L'arcivescovo arrestato in Vaticano
Nel pomeriggio di martedì 23 settembre l’arcivescovo polacco Josef Wesolowski, 66 anni, è stato prelevato dagli agenti della gendarmeria vaticana e messo agli arresti domiciliari, in attesa del processo penale.
In Vaticano non era mai successo. L’ex nunzio apostolico nella Repubblica Dominicana è accusato di abuso minorile per fatti compiuti nel periodo 2008-2013. Secondo l’accusa, Wesolowski avrebbe pagato alcuni ragazzini di Santo Domingo in cambio di prestazioni sessuali. Lo scandalo è emerso grazie all’indagine di una giornalista televisiva dominicana, Nuria Piera, che aveva altersì messo in luce il fatto che Wesolowski fosse un frequentatore abituale dei luoghi di prostituzione minorile; inoltre, nell’agosto di quest’anno, il New York Times aveva pubblicato un’inchiesta con alcune testimoinianze dirette dei ragazzi abusati.
Dopo l’inchiesta, Polonia e Repubblica Dominicana volevano processarlo: da Santo Domingo era stata inviata la documentazione a Varsavia, ma le autorità vaticane bloccarono tutto, facendo sapere che – in quanto cittadino vaticano dotato d’immunità diplomatica – Wesolowski non poteva essere estradato.

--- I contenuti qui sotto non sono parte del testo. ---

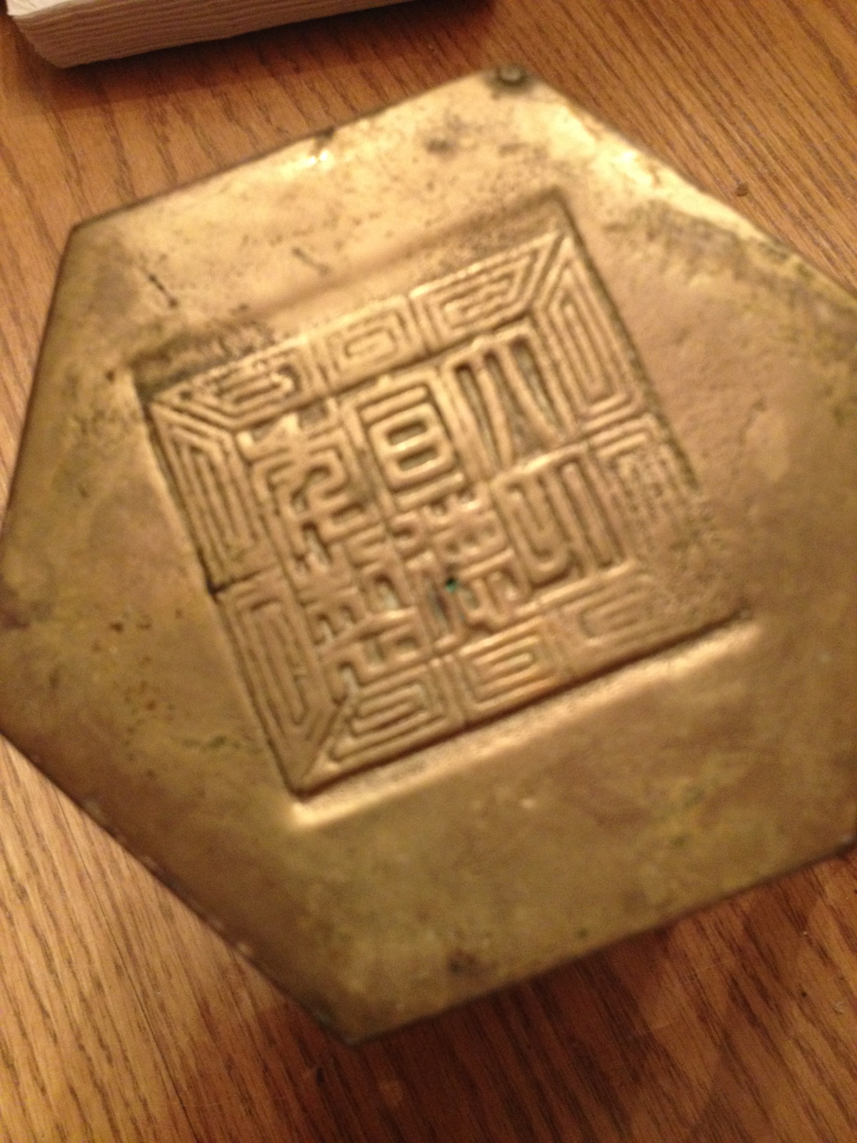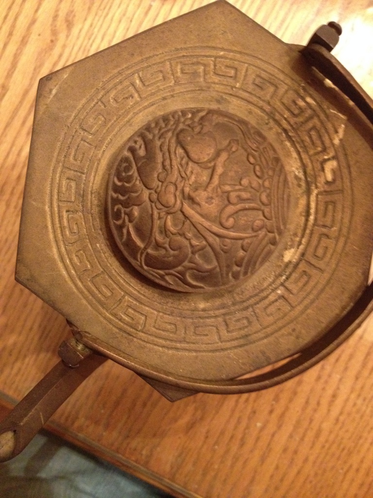 Not much is known about this tea pot. It was given to my mother from my great grandmother. I would love to know what the marking says on the base. I am also curious of the characters on the pot, origin, the metal if identifiable, and of course if this has any value. Thank you for any help.

Nell’agosto 2013 lo richiamarono a Roma, fatto che scatenò un'ondata di polemiche, ma per lui fu annunciato subito un doppio processo, canonico e penale. Alla fine di giugno di quest’anno la Congregazione per la Dottrina della Fede lo condannò alla «dimissione dallo stato clericale».
Nella giornata di martedì 23 settembre il promotore di giustizia del Tribunale vaticano lo ha convocato verso le 15 e, come si legge dalla nota diffusa nella serata di martedì dal portavoce vaticano padre Federico Lombardi, «gli ha notificato i capi d’imputazione». L’ex nunzio apostolico di Santo Domingo è stato arrestato in alcuni locali interni allo Stato della Città del Vaticano, precisamente nelle stanze del Collegio dei Penitenzieri, dove è sorvegliato dai gendarmi vaticani. Gli arresti domiciali gli sono stati concessi a causa delle precarie condizioni di salute.
Padre Lombardi ha chiuso la nota con una posizione molto netta: «L’iniziativa assunta dagli organi giudiziari dello Stato è conseguente alla volontà espressa del Papa, affinché un caso così grave e delicato venga affrontato senza ritardi, con il giusto e necessario rigore, con assunzione piena di responsabilità da parte delle istituzioni che fanno capo alla Santa Sede». L’arresto è il più eclatante effetto del piano per sconfiggere la pedofilia iniziato da Benedetto XVI e proseguito da Francesco, che nel luglio dello scorso anno aveva reso processabili i diplomatici vaticani e aggravato le pene per i casi di pedofolia nel clero.